Была уже, должно быть, поздняя ночь, когда коленопреклоненный Краницкий поднялся с пола и увидел, что он совсем один в комнате умершей. Где-то, за дверьми и стенами, слышались говор и молитвы: там люди бодрствовали, здесь царил один лишь сон смерти. Однако через минуту у стены что-то зашелестело. Краницкий оглянулся и увидел человека, который в первое мгновение представился ему неясным пятном, промелькнувшим на белом фоне. Через несколько секунд он различил черты Дарвида и его рыжеватые бакены, но долго еще напрягал зрение, спрашивая себя, не ошибся ли он. Не тоска и не отчаяние, которые смерть обычно пробуждает в живых, а что-то еще, что-то большее выражалось во взгляде и позе этого человека. В глазах его, всегда таких ясных, трезвых, напоминающих блестящую сталь, теперь было видно глубокое раздумье, на дне которого затаился ужас, а сам он весь как-то уменьшился, съежился. Ни иронии, ни энергии, ни самоуверенной осанки. Он выглядел ниже, чем всегда, и склонял шею с видом побежденного. Стоя возле закрывавших его пышных складок, он казался сплющенным и был похож на насекомое, которое, пятясь, силится забиться в узкую щель, спасаясь от чего-то огромного, вдруг налетевшего. Обернувшись в сторону Краницкого, Дарвид увидел его, скользнул по нему равнодушным взглядом и снова уставился куда-то, на что-то огромное. Ни обиды, ни ненависти, ни презрения. Краницкий, со своей стороны, тоже не испытывал теперь ни одного из этих чувств. Он думал о том, что в романах и драмах обычно смертельные враги в такие минуты протягивают противнику руку и мирятся. Ложный пафос! Да и зачем? Какое значение имеет человеческая вражда или дружба перед лицом… этого? Он еще раз поглядел на спящую девочку, утопающую среди белых цветов, и, шепча: «La mort! Oui, oui! La mort! Le sommeil eternel!» [155] — вышел, опустив голову, из снежного, пылающего огнями грота. Вернее, не вышел, а поплелся, так он был угнетен.
155
Смерть! Да, да! Смерть! Вечный сон! (франц.)
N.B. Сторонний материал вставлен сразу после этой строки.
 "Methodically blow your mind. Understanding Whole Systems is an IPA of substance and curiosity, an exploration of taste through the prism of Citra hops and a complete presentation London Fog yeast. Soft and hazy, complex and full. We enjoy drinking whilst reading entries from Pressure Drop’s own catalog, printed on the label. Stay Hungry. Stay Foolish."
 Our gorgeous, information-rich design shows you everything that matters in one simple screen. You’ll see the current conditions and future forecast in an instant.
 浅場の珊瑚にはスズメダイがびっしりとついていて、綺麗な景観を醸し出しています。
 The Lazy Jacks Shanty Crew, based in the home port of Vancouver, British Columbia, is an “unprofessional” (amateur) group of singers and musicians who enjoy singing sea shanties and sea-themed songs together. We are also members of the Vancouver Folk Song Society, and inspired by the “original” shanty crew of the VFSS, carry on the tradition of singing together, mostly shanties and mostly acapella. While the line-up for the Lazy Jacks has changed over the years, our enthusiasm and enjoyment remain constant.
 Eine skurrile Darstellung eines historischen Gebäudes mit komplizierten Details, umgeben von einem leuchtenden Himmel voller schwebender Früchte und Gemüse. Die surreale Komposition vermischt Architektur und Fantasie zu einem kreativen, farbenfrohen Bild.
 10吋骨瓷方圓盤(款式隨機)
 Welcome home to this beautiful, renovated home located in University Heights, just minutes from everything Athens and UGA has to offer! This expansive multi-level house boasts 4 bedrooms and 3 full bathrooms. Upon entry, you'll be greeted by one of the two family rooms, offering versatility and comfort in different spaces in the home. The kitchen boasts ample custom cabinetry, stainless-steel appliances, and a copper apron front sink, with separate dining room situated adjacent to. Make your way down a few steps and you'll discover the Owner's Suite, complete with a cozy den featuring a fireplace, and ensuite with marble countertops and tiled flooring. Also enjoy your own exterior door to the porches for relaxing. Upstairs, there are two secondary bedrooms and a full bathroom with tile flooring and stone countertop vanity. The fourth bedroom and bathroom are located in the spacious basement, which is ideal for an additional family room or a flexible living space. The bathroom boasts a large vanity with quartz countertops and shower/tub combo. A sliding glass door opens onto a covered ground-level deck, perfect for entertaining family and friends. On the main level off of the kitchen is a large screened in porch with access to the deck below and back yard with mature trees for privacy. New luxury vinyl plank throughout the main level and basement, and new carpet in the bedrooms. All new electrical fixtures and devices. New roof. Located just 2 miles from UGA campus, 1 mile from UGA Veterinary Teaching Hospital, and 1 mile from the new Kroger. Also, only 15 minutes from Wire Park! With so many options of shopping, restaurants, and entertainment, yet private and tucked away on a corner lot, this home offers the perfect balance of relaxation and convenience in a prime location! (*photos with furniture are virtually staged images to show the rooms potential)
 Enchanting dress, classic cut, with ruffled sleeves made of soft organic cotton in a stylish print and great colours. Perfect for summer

Теперь, сидя на садовой скамейке, он поднял лицо, укрытое в ладонях, и посмотрел на биржу. Подъезд с широкими ступенями был уже пуст, но перед ним еще стоял экипаж Дарвида, бросая в пронизанный солнцем воздух пятно сверкающей синевы; и так же неподвижно стояли покорно замершие кони, подобные бронзовым изваяниям. Губы Краницкого скривились от отвращения. С язвительностью, на которую редко бывала способна эта мягкая натура, он шепнул:
— Труд! Железный труд!
С горькою усмешкой на устах, уже не стараясь расправить плечи и придать походке упругость, он снова поплелся по улицам, время от времени останавливаясь у ворот самых красивых домов. Все они ему что-нибудь напоминали, какую-нибудь блистательную или счастливую минуту или кусок прошлого. В эти ворота он когда-то входил, торопясь к одной из больших или малых «звезд своей жизни»; из этих он выезжал, сопровождая в Италию больного графа Альфреда; в эти изо дня в день спешил к услугам князя Зенона; те вызывали воспоминания об одном блестящем, почти сказочном бале… Теперь все эти ворота и дома были для него, как опустевший бальный зал: гости разъехались, погасли огни и лишь хозяин с фонариком в руках расхаживает из угла в угол, вспоминая, где сверкали обнаженные плечи прекрасной женщины, где смеялись веселые приятели, где пахло цветами, а где жареными фазанами…
Наконец, уже далеко за полдень, Клеменсова услышала в передней звонок и, шлепая по полу старыми калошами, побежала отпирать дверь. В руках у нее была иголка с толстой ниткой, на широких плечах — клетчатая шаль, а над карими глазами — вторая пара глаз, но уже стеклянных, сдвинутых на морщинистый лоб.
— Гм! — начала она сразу, — я уж думала, ты на целый день застрял где-нибудь в приятной компании, а ты еще до вечера вернулся, вот притча арабская! Ну и хорошо, а то к тебе гости приходили и сейчас опять придут!